Summit County authorities are closing the Blue River in Silverthorne for rising whitewater.
This closure runs from just below Dillon Dam to 6th Street Bridge and is good for all watercraft.
“Those of us who have been here a long time know when it’s this high there is inches between the (6th street) bridge and water,” Summit County Sheriff Jaime FitzSimons tells Tom Fricke on the Krystal 93 morning show today.
Denver Water is cranking up outflows at the dam, from 700 cubic feet per second (cfs) yesterday to an estimated 1300 cfs this weekend.
By next week the Blue River could reach 1600 cfs.
That is still below flood stage of 1800 cfs, but the fastest the Blue has run in five years.
“This is something we do when it gets this high,” FitzSimons says. “It’s nothing odd.”
The Blue River closure is good from noon today until water drops below about 1000 cfs. No estimate for when that will happen.
This first week of June has been the hottest of the year in Summit, averaging 52 degrees at the Krystalized Weather Station in Dillon with no overnight freeze. Yesterday was 72 degrees.
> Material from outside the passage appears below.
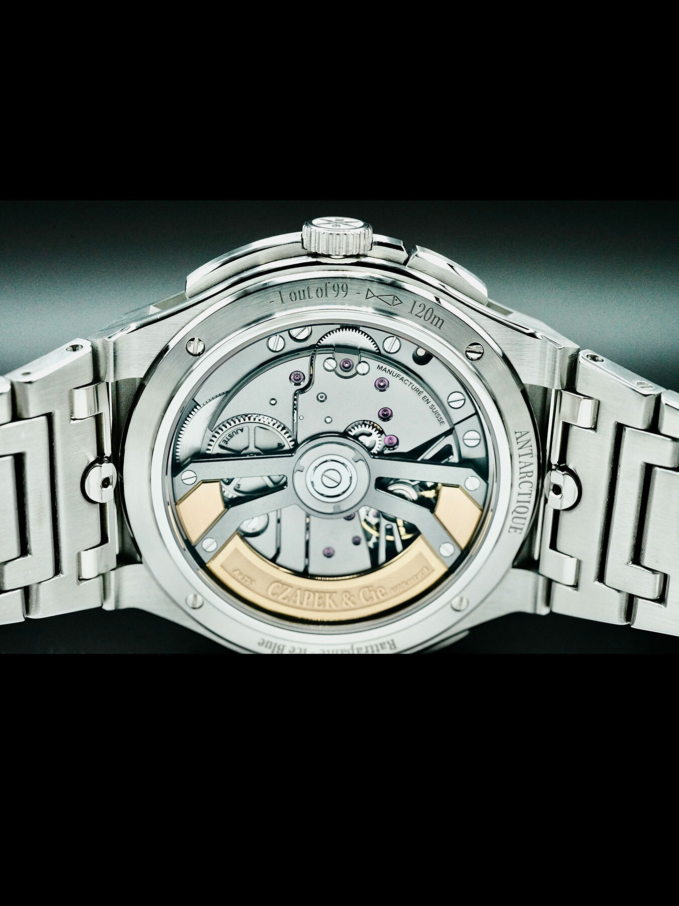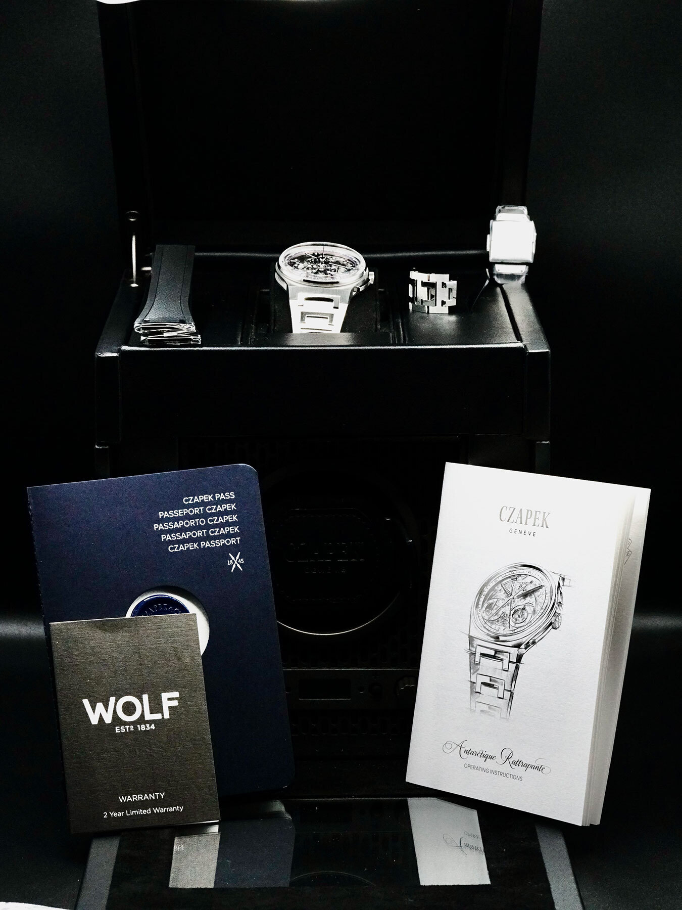 This Czapek Antarctique Rattrapante Ice Blue is in EXCELLENT condition. This watch includes original box, instruction booklet and warranty card dated 2023. Extra black rubber strap, stainless steel bracelet links, and stainless steel buckle. This watch has been fully authenticated and certified by Exquisite Timepieces.

Forecasters at the National Weather Service say local temperatures could break the low ‘80s today.
‘These are not normal conditions’
Rivers will be ranging all weekend. So will avalanche danger.
The Colorado Avalanche Information Center issued a special avalanche advisory for the entire state, saying wet slab avalanches are massive right now.
“Change your travel plans to avoid steep slopes if surface crusts become unsupportable and you sink into wet, unconsolidated snow, or you hear collapsing sounds,” CAIC forecasters write in today’s advisory. “These are not normal conditions for early June. Adjust your objectives accordingly.”